Parrots that seem to dance in synchrony with music have long enchanted us, but were considered more of a curiosity than anything else.  However, Harvard University researchers now believe that the birds actually time their movements to the speed of individual beats, and are dancing in much the same manner as people!

Alex, Snowball and YouTube

Observations of Alex, the now deceased African Gray Parrot known the world over for his intelligence, and Snowball, a Sulphur-Crested Cockatoo who has achieved internet fame as a “dancer”, led the researchers to investigate if and how parrots might be timing their dancing to fit the tunes being played.

Turning to an unorthodox scientific resource – YouTube, the investigators carefully analyzed individual frames of dancing dog, cat and parrot videos, and were amazed to find that 14 species of parrots were indeed keeping time to the music they were hearing.

Only Mimics can Dance

Their results lend credence to the theory that the ability to mimic sounds (possessed by parrots and people) has resulted in a brain mechanism that also allows one to move in time to a beat.  In both sound mimicry and dancing, similar processes are at work – the person or parrot must monitor sound, remember it and then modify its own sounds or movements in response. Regardless of what their owners might say, dogs and cats, lacking the ability to mimic, have no rhythm!

Not All Mimics can Dance!

Of course, there must be more to dancing that the ability to mimic – I believe I speak well enough, but I’d sooner be able to flap my arms and fly than dance!



Further Reading

See Snowball the Dancing Cockatoo perform at the World Science Fair (don’t miss this!).

Further information about this research is posted on Harvard University’s web site.




  1. avatar

    My new rescue Cockateil, Charlie, bobs his head to the music and chirps! It’s so cute! The previous owner said that he danced to music, but last night was the first time I’d seem anything that could qualify as dancing. If I turned the music off, he would stop chirping and dancing, but when I turned it back on, he’d start again. It was the cutest thing ever!

  2. avatar

    Hello Annie,

    Thanks for the post…I’m sure he gets closer to “dancing” than I do! I always thought it was my imagination when it seemed to me that some parrots really seemed to be keeping time with the music, but it seems they do…

    Good luck, enjoy and please keep me posted.

  3. avatar

    I used to own a greek-cheeked conure named Jester. He would love to dance to music, especially hip hop. My mother would call it “kumtha” which is Urdu for spinning because he danced in circles.

    I notice that my budgie, Birdie, too has a keen sense of rhythm. He sets his vocal level to that of his surroundings and his chirps are in sync as well!

  4. avatar

    Hello Ahmad, Frank Indiviglio here.

    Thanks for your interest in our blog. Great story, thank you!

    Glad you brought up the vocal level point – I’ve noticed that myself, but didn’t mention it in the article. Even in a crowded zoo exhibit, parrots in different areas seemed to set their pitch to what was going on around them.
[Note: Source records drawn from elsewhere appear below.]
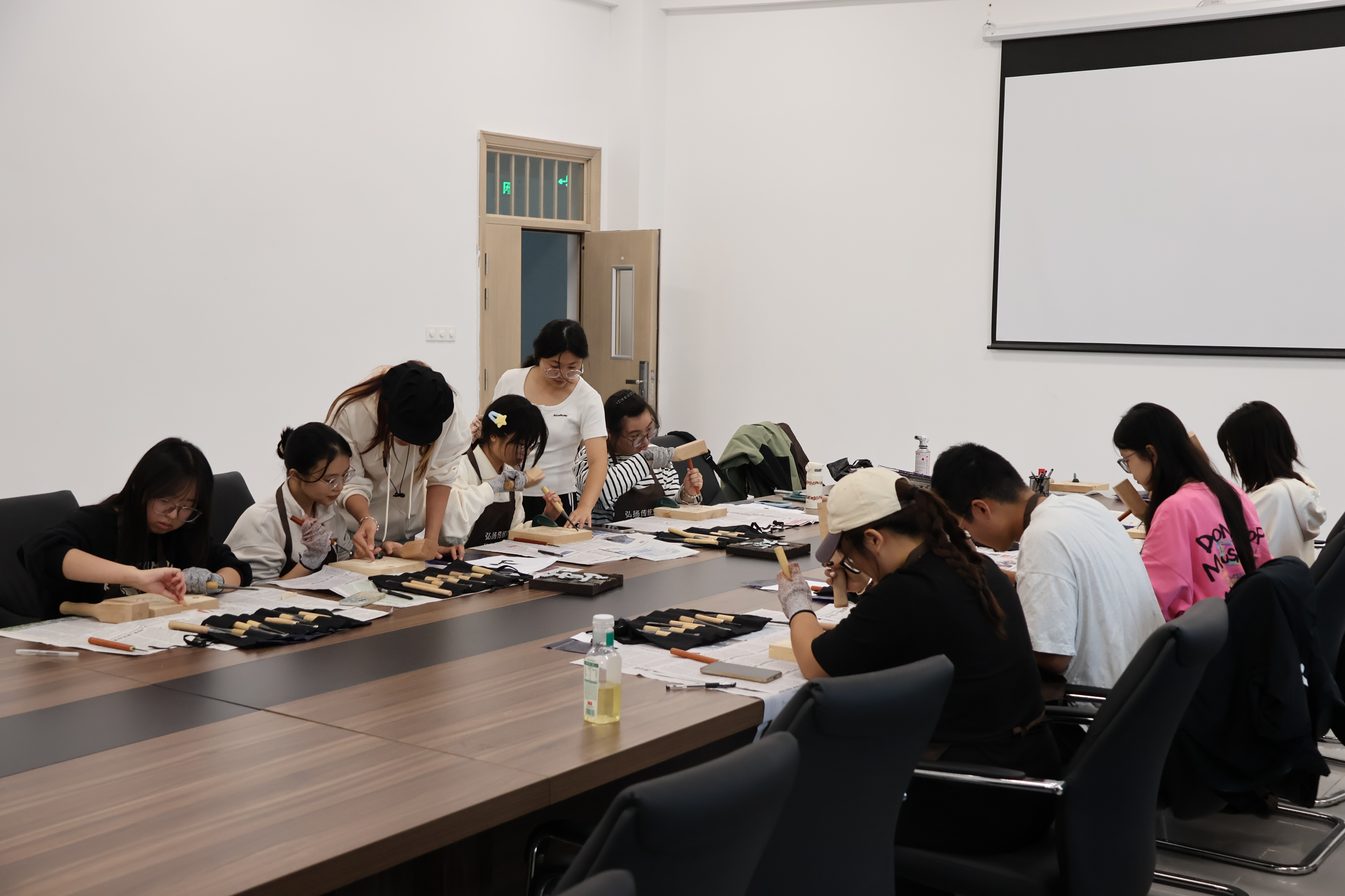 活动伊始,部长们为成员发放物料并讲解活动工具的使用方法及注意事项,同学们在部长的指导下专心致志的在木板上描摹汉字,一笔一划间将新奇连带着墨水一同融进木板中。收笔后,便进入既考验耐心又锻炼动手能力的木刻环节,同学们伏案认真实操,部长在其侧逐一指导帮助。一手持刀,一手握锤,在阵阵敲打声中汉字的线条逐渐显现。同学们认真雕刻,精心打磨自己的作品,一幅幅创意作品陆续完成。
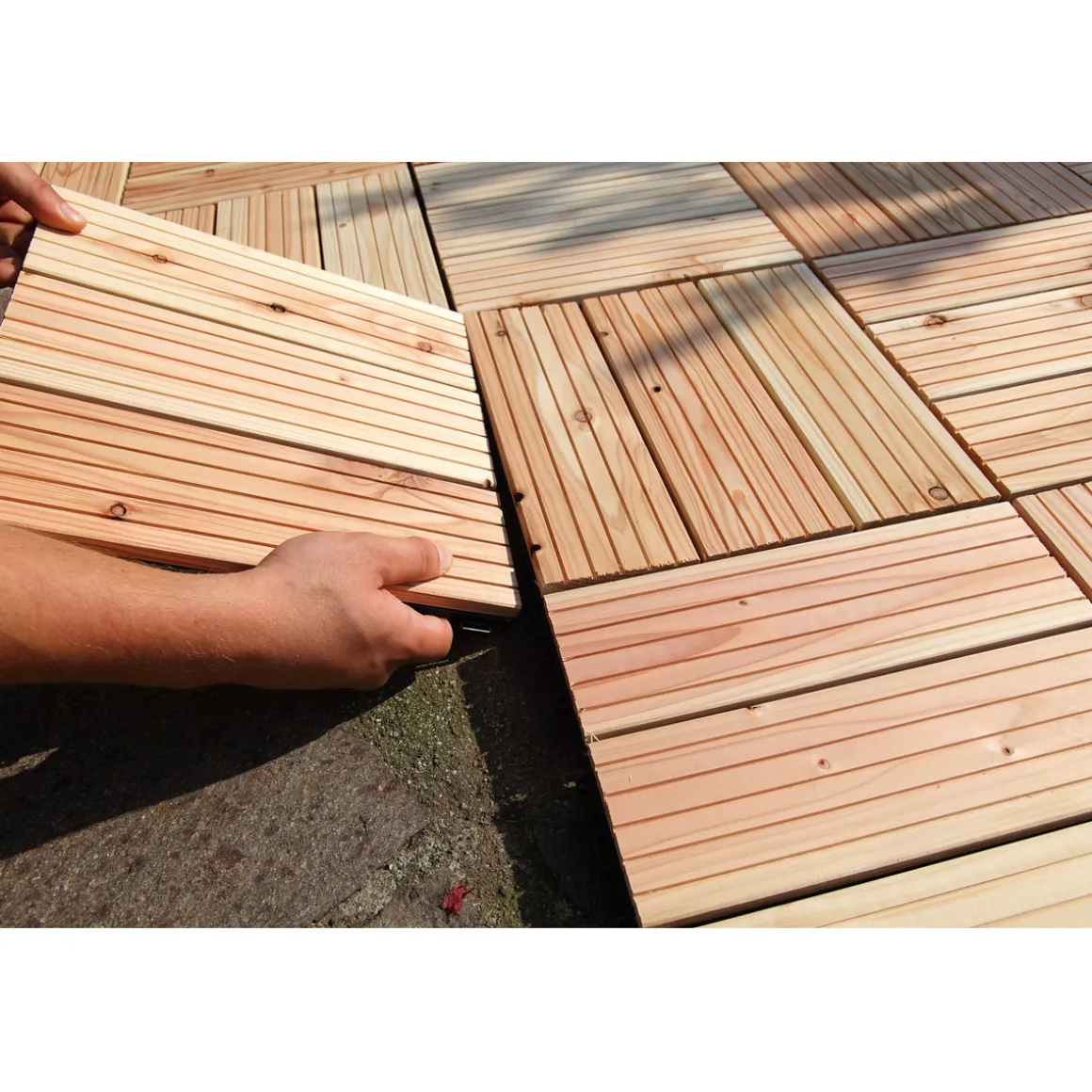 Die Rettenmeier Holz-Klickfliesen sind ideal für Kunden, die eine natürliche und langlebige Lösung für ihre Terrassen suchen. Diese Fliesen sind einfach zu installieren und erfordern nur minimale Wartung.
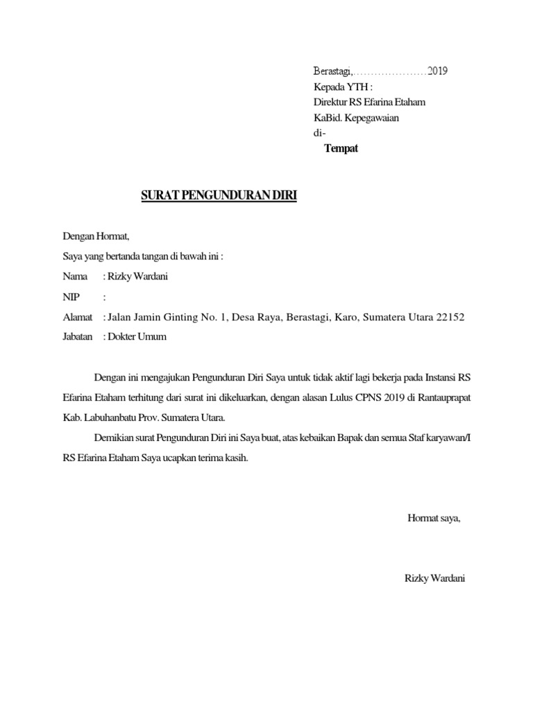 Untuk kop suratnya kamu bisa minta ke. Surat pengunduran diri merupakan sebuah surat yang dibuat dimana di dalam surat tersebut berisi informasi bahwa anda ingin resign atau mengundurkan diri dari jabatan yang surat pengunduran diri. Kepada yth, ketua koperasi pegawai negeri al hidayah di tempat. Contoh surat pengunduran diri dari jabatan. Itulah contoh surat pengunduran diri dari sekolah.
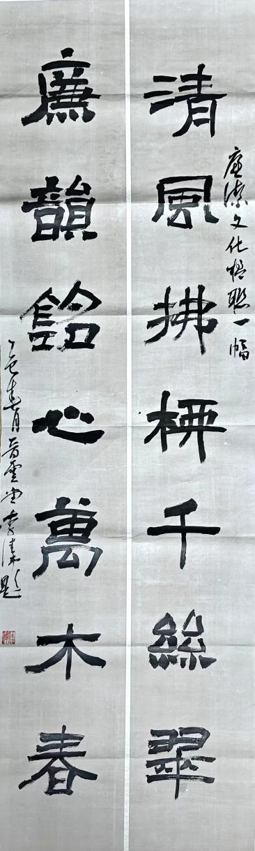 对联以古朴的书风彰显廉洁意蕴。“清风”“廉韵” 传递清正廉洁之风,“千丝翠”“万木春” 喻廉洁文化滋养万物、焕发生机。笔墨苍劲,既具书法艺术之美,又颂清风廉韵之韵。
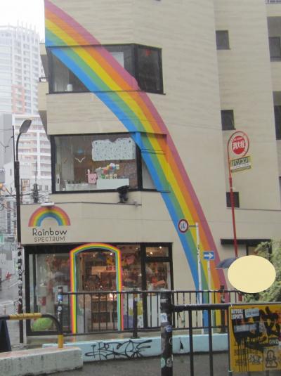 レインボースペクトラムの渋谷店が、東京都渋谷区神宮前5丁目、原宿と渋谷の中間あたりにありました。虹の描かれた壁が目立っていてすぐわかります。
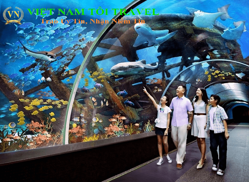Tham quan thế dưới đại dương đầy màu sắc cùng với khoảng gần 10.000 sinh vật biển đang tung tăng bới lội tại Thủy cung Vinpearlland. Khám phá các trò chơi như trượt ống, trượt máng, sóng thần, hố đen vũ trụ,… hoặc lựa chọn ngâm mình dưới làn nước biển trong xanh tại khu công viên nước.
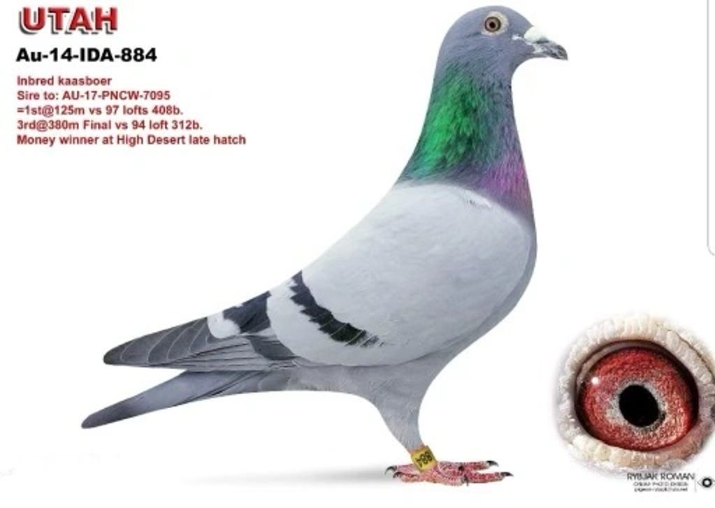 Inbred "Kaasboer" and super breeding cock being Sire to multiple One Loft Race Money Winners including PNWC 7095 3rd @ 380 miles High Desert Yearling Classic.
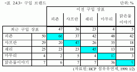 ¼ÒºñÀÚ ±¸ÀÔÀÚº° ÀÌÀü ±¸ÀÔ ºê·£µå¿Í ÇöÀç ±¸ÀÔ ºê·£µå¸¦ º¸¸é <Ç¥ 2.4.3>°ú °°´Ù. ÁÖ¿ä ºê·£µåÀÇ À籸¸ÅÀ²Àº ÇÇÁÔÀÌ 52%, »þÇÁ¶õÀÌ 40%, ½¦¸®°¡ 36%, ¸¼Àº¹°À̾߱Ⱑ 25%ÀÌ´Ù.
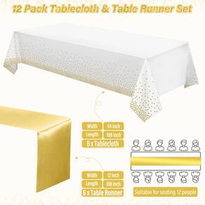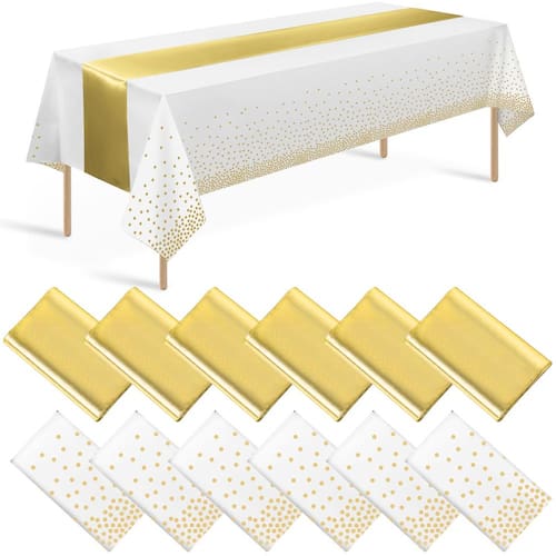 - O que está dentro: Existem 6 toalhas de mesa brancas e douradas, cada uma medindo 137 x 274 cm, juntamente com 6 passadores de mesa dourados de cetim medindo 30 x 274 cm, capazes de cobrir a maioria das mesas retangulares, tornando-as perfeitas para várias festas temáticas elegantes. As lindas toalhas de mesa brancas descartáveis adicionarão brilho à sua festa e criarão memórias queridas.

    Good luck and please keep me posted.

    Best regards, Frank Indiviglio.

  5. avatar

    You picked a great topic for this post and you wrote about it well. I have seen a few other internet sites with comparable content but no one has completed a better job than you on writing about it.

  6. avatar

    Thanks for your interest in our blog and the kind words; much appreciated. I look forward to hearing from you in the future.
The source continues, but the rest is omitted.